GIVEN RECORDS
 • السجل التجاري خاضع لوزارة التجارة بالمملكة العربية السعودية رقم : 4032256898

--

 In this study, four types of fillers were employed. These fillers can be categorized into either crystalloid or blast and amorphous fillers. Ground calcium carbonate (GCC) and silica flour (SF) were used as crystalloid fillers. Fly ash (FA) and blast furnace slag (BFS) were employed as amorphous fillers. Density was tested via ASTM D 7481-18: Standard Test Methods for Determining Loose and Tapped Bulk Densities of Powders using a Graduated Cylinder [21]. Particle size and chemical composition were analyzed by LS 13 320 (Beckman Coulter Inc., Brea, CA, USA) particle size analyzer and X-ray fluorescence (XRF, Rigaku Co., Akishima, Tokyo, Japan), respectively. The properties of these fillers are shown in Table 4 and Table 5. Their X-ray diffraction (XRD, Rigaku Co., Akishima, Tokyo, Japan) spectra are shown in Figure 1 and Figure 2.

---

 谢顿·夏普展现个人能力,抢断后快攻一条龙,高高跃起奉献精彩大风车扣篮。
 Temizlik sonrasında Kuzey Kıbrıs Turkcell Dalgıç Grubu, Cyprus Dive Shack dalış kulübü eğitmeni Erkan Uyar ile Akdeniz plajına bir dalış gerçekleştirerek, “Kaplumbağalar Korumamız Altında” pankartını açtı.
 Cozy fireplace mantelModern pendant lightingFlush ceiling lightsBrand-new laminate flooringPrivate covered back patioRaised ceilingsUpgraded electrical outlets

REQUIRED ACTION
Among the entries above, locate the lines containing "Temizlik sonrasında Kuzey" and "Cozy fireplace mantelModern", and transcribe exactly those two lines and all lines between.

WRITTEN REPLY
 Temizlik sonrasında Kuzey Kıbrıs Turkcell Dalgıç Grubu, Cyprus Dive Shack dalış kulübü eğitmeni Erkan Uyar ile Akdeniz plajına bir dalış gerçekleştirerek, “Kaplumbağalar Korumamız Altında” pankartını açtı.
 Cozy fireplace mantelModern pendant lightingFlush ceiling lightsBrand-new laminate flooringPrivate covered back patioRaised ceilingsUpgraded electrical outlets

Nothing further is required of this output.